[Records contained in a dataset]

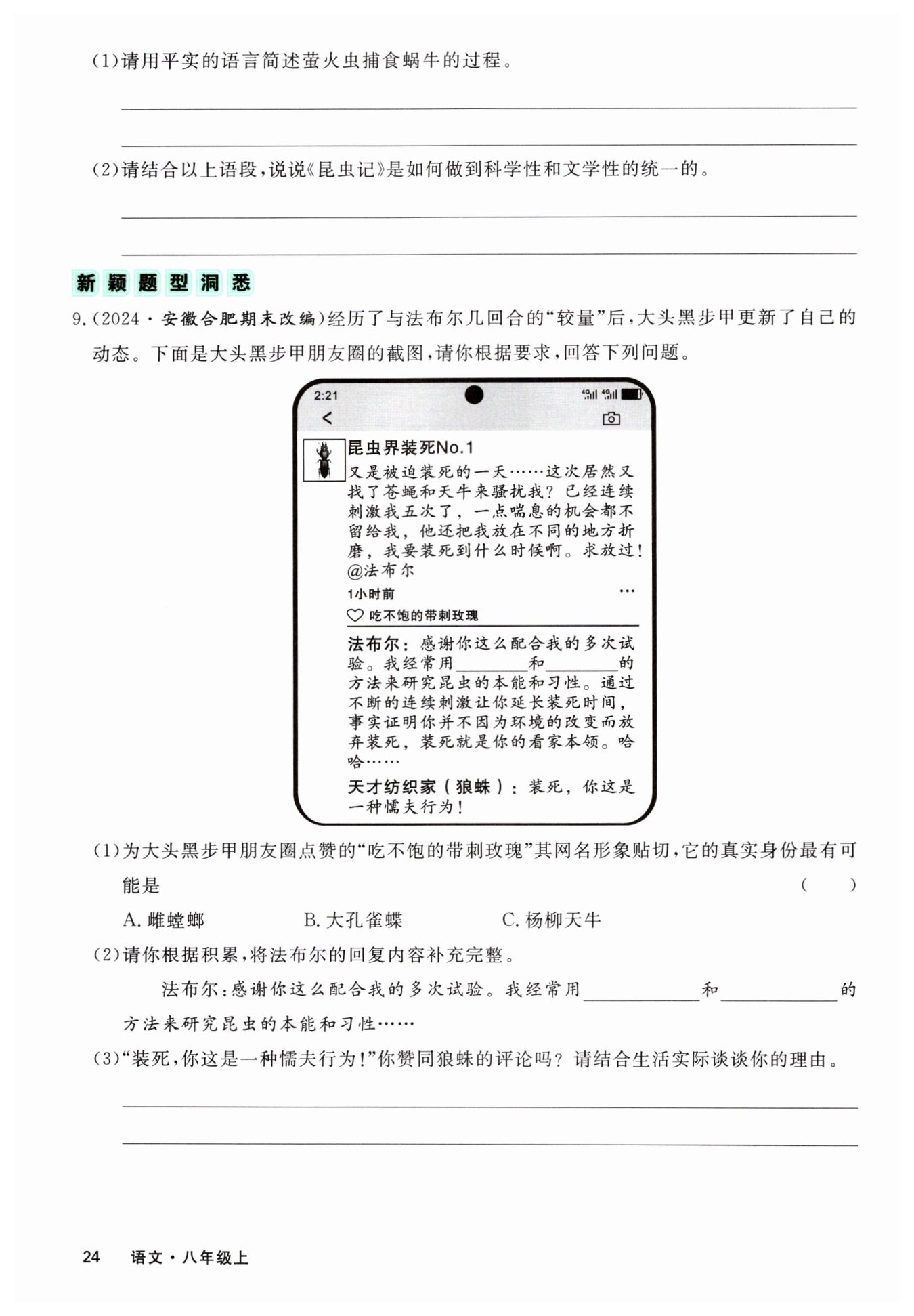 《昆蟲記》不僅是科學(xué)著作,也是文學(xué)巨著。如語段中寫螢火蟲捕食蝸?!熬秃孟窈臀伵6褐妗薄安换挪幻τ袟l不紊地扭著”,運(yùn)用擬人的修辭手法,把螢火蟲緊張的捕食過程寫得活潑有趣,使讀者在輕松閱讀中既了解了昆蟲習(xí)性,又體會(huì)到了文學(xué)的美感。
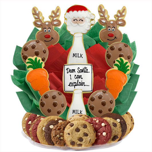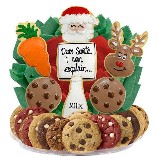 This gift basket includes a choice of one or two hand decorated sugar cookies, nestled into a basket of one or two dozen gourmet cookies. Each sugar cookie is freshly baked and perfectly decorated with our signature icing and can be delivered safely to their doorstep.
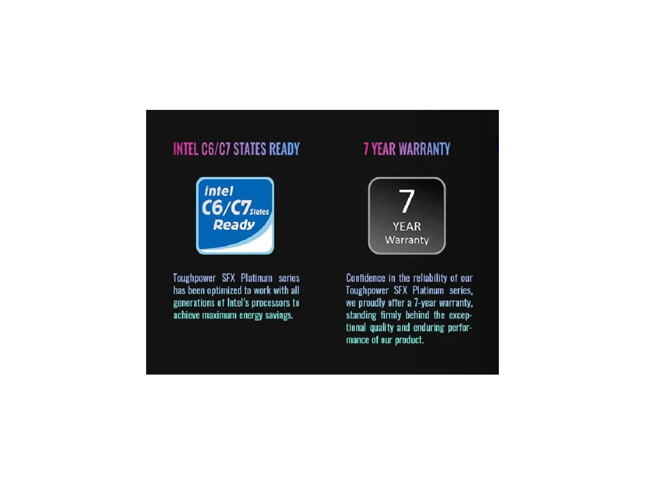 The Toughpower SFX Platinum Power Supply Unit is engineered to support the latest generation of hardware, conforming to the Intel SFX 12V 4.1 and ATX 12V 3.1 standards. It features a native PCIe 12V-2x6 (12+4pin) modular interface, allowing efficient powering of modern PCIe 12+4pin graphics cards. With an impressive 80 PLUS Platinum efficiency rating, this power supply ensures optimal energy usage while maintaining exceptional stability, durability, and reliability.
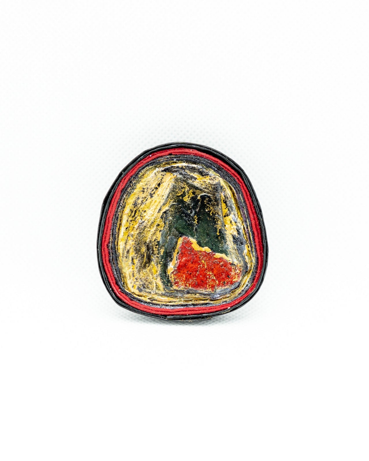 NEADI - vibrant and bold, this abstract brooch features dynamic layers of red, yellow, black, and green with a painterly, textured finish. Its irregular shape and striking color palette make it a true statement piece. Perfect for adding artistic flair to minimalist or monochrome outfits.
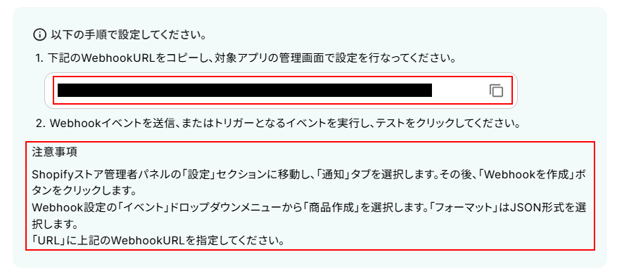 以下の画面のWebhookURLをコピーし、注意事項に従ってWebhookの設定を行ってください。
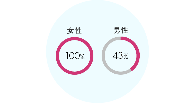男性は直近1年(2024.7-2025.6)では43%の方が取得しました。
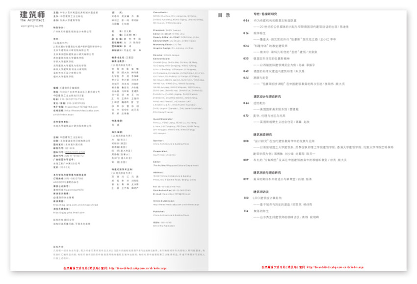 《建筑師》(雙月刊)創刊于2003年,多年來雜志內容及形式方面與時俱進,并以其形式和內容的豐富性及多樣性,贏得了不同階層讀者的喜愛與擁護。
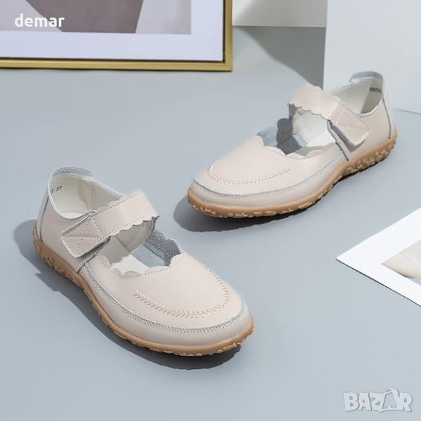Изработени от естествена гъвкава кожа, тези Mary Janes могат да се похвалят с щадяща кожата подплата и неплъзгаща се, устойчива на износване TPR подметка. Дизайнът се отличава с кръгла глава, лесно закопчаване с кука и примка и дишаща кожена горна част. Стелката от свинска кожа абсорбира потта, като гарантира, че краката ви остават сухи и без миризма, идеално за тези, които предпочитат да не носят чорапи. Неплъзгащата се текстурирана подметка намалява вибрациите при ходене, предлагайки комфорт през целия ден. Тези стилни мокасини се съчетават добре с тениски, дънки или ежедневни рокли за различни поводи. Перфектен за ежедневна разходка, случайни излети, шофиране, офис работа, пазаруване, пътуване и дългогодишна работа. Леки, гъвкави и удобни като маратонки, те са подходящи за всяка обстановка. Забележка: За по-широки или по-големи крака изберете един размер по-голям от обикновено.
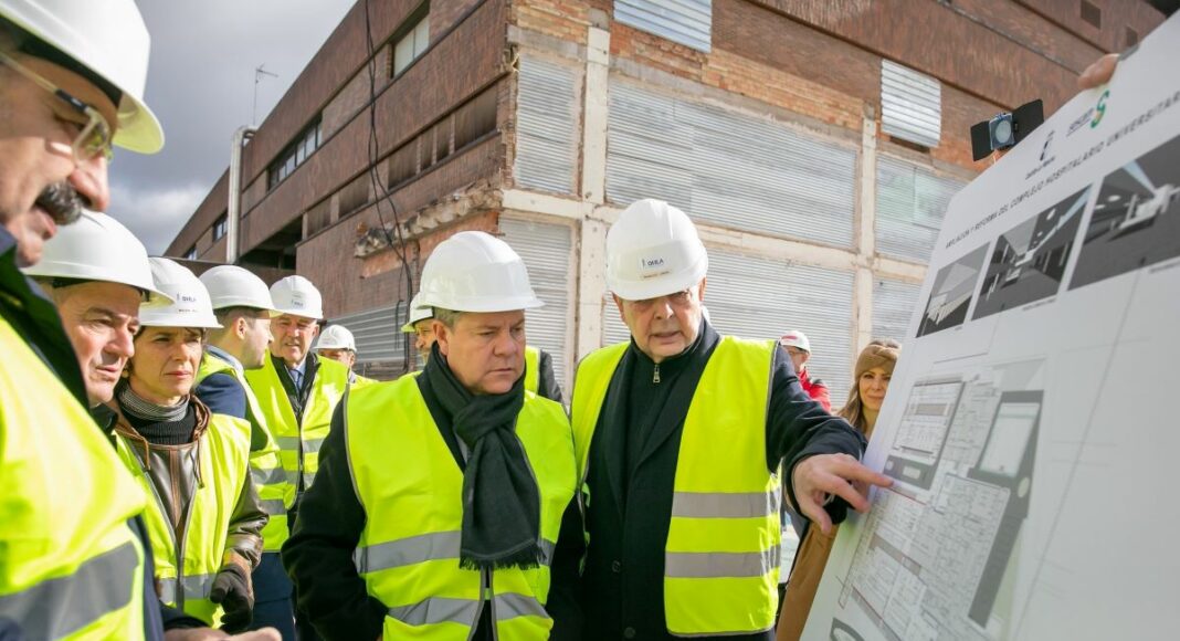 Antes de visitar el servicio de Oncología Radioterápica, el presidente de Castilla-La Mancha ha comprobado cómo evolucionan las obras del Plan Funcional de reforma y ampliación del Complejo Hospitalario Universitario de Albacete.
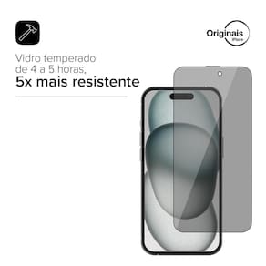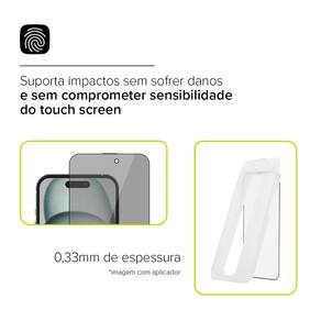 Especificações Película de vidro temperado ansparente com borda Filtro polarizador que limita a visão lateral da tela Matéria-prima japonesa (Asahi Glass) Espessura de 0,33mm Protege a tela contra riscos e pequenas batidas Não afeta a sensibilidade da tela

» **Aim of the task**
Every entry above is to be repeated word for word, with all pictures omitted.

» **Answer to the exercise**
 《昆蟲記》不僅是科學(xué)著作,也是文學(xué)巨著。如語段中寫螢火蟲捕食蝸?!熬秃孟窈臀伵6褐妗薄安换挪幻τ袟l不紊地扭著”,運(yùn)用擬人的修辭手法,把螢火蟲緊張的捕食過程寫得活潑有趣,使讀者在輕松閱讀中既了解了昆蟲習(xí)性,又體會(huì)到了文學(xué)的美感。
 This gift basket includes a choice of one or two hand decorated sugar cookies, nestled into a basket of one or two dozen gourmet cookies. Each sugar cookie is freshly baked and perfectly decorated with our signature icing and can be delivered safely to their doorstep.
 The Toughpower SFX Platinum Power Supply Unit is engineered to support the latest generation of hardware, conforming to the Intel SFX 12V 4.1 and ATX 12V 3.1 standards. It features a native PCIe 12V-2x6 (12+4pin) modular interface, allowing efficient powering of modern PCIe 12+4pin graphics cards. With an impressive 80 PLUS Platinum efficiency rating, this power supply ensures optimal energy usage while maintaining exceptional stability, durability, and reliability.
 NEADI - vibrant and bold, this abstract brooch features dynamic layers of red, yellow, black, and green with a painterly, textured finish. Its irregular shape and striking color palette make it a true statement piece. Perfect for adding artistic flair to minimalist or monochrome outfits.
 以下の画面のWebhookURLをコピーし、注意事項に従ってWebhookの設定を行ってください。
男性は直近1年(2024.7-2025.6)では43%の方が取得しました。
 《建筑師》(雙月刊)創刊于2003年,多年來雜志內容及形式方面與時俱進,并以其形式和內容的豐富性及多樣性,贏得了不同階層讀者的喜愛與擁護。
Изработени от естествена гъвкава кожа, тези Mary Janes могат да се похвалят с щадяща кожата подплата и неплъзгаща се, устойчива на износване TPR подметка. Дизайнът се отличава с кръгла глава, лесно закопчаване с кука и примка и дишаща кожена горна част. Стелката от свинска кожа абсорбира потта, като гарантира, че краката ви остават сухи и без миризма, идеално за тези, които предпочитат да не носят чорапи. Неплъзгащата се текстурирана подметка намалява вибрациите при ходене, предлагайки комфорт през целия ден. Тези стилни мокасини се съчетават добре с тениски, дънки или ежедневни рокли за различни поводи. Перфектен за ежедневна разходка, случайни излети, шофиране, офис работа, пазаруване, пътуване и дългогодишна работа. Леки, гъвкави и удобни като маратонки, те са подходящи за всяка обстановка. Забележка: За по-широки или по-големи крака изберете един размер по-голям от обикновено.
 Antes de visitar el servicio de Oncología Radioterápica, el presidente de Castilla-La Mancha ha comprobado cómo evolucionan las obras del Plan Funcional de reforma y ampliación del Complejo Hospitalario Universitario de Albacete.
 Especificações Película de vidro temperado ansparente com borda Filtro polarizador que limita a visão lateral da tela Matéria-prima japonesa (Asahi Glass) Espessura de 0,33mm Protege a tela contra riscos e pequenas batidas Não afeta a sensibilidade da tela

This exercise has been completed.